There are many articles, for subjective reasons, some do not like, and some, on the contrary, are a pity to miss. I want to optimize this process and save time.

The above article suggested an approach with scripts in the browser, but I didn’t really like it (even though I used it before) for the following reasons:

For different browsers on your computer / phone, you have to configure it again, if at all possible.
Hard filtering by authors is not always convenient.
The problem with authors whose articles do not want to be missed, even if they are published once a year, is not resolved.

Filtering by article rating built into the site is not always convenient, since highly specialized articles, for all their value, can receive a rather modest rating.

Initially, I wanted to generate rss feed (or even some), leaving only the interesting stuff there.
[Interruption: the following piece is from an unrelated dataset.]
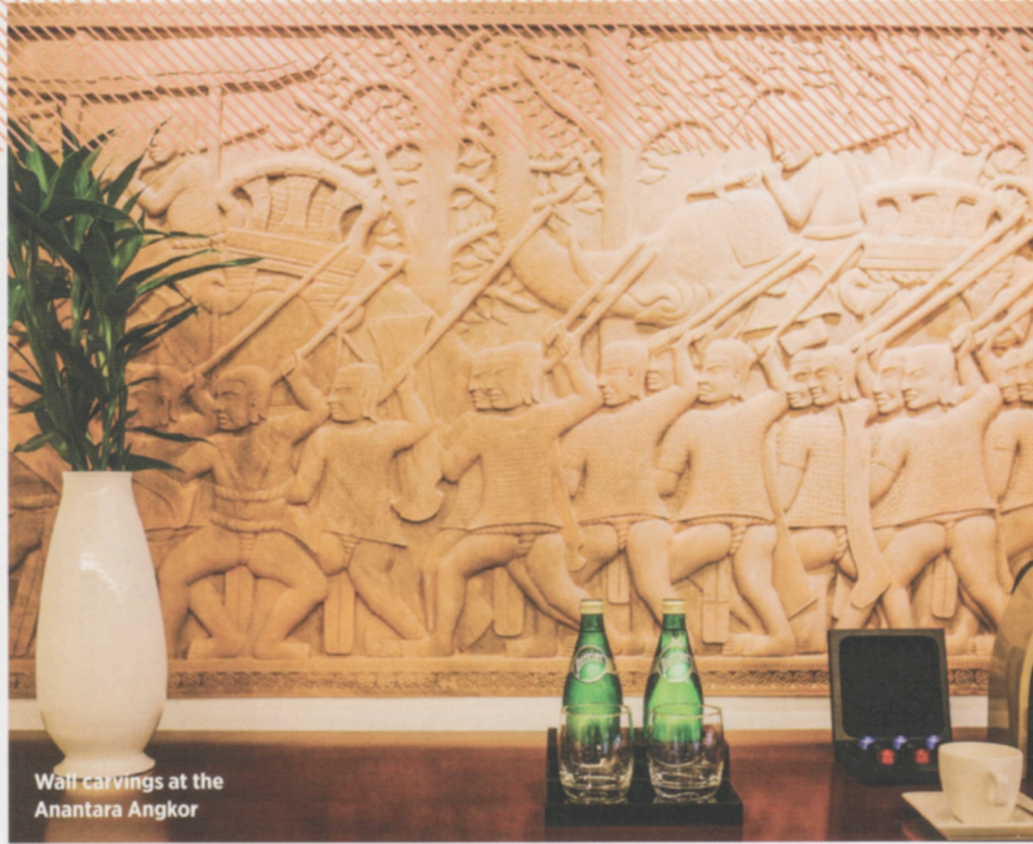
Wall carvings at the Anantara Angkor

But in the end it turned out that reading rss seemed not very convenient: in any case, to comment / vote on an article / add it to favorites, you have to go through the browser. Therefore, I wrote a bot for a telegram that throws interesting articles to me in PM. Telegram itself makes them beautiful previews, which in combination with information about the author / rating / views looks pretty informative.

Under the cut, details such as work features, writing process and technical solutions.

Briefly about the bot

Repository: https://github.com/Kright/habrahabr_reader

Telegram bot: https://t.me/HabraFilterBot

The user sets an additional rating for tags and authors. After that, a filter is applied to the articles - the article’s rating on Habré, the author’s user rating and the average for user ratings by tags are added. If the amount is greater than the user-defined threshold value, then the article passes the filter.

A side goal of writing a bot was to get fun and experience. In addition, I regularly reminded myself that I was not Google , and therefore many things were done as simple and even primitive as possible. However, this did not prevent the process of writing a bot from stretching for three months.

Outside the window was summer

July ended, and I decided to write a bot. And not alone, but with a friend who mastered scala and wanted to write something on it. The beginning looked promising - the code will be sawn "team", the task seemed easy and I thought that in a couple of weeks or a month the bot will be ready.

Despite the fact that I myself have been writing code on the rock for the past few years, usually no one sees or looks at this code: pet projects, checking some ideas, preprocessing data, mastering some concepts from the FP. I was really interested in how code writing in a team looks like, because code on a rock can be written in very different ways.

What could have gone so ? However, we will not rush things.

Everything that happens can be tracked by the history of commits.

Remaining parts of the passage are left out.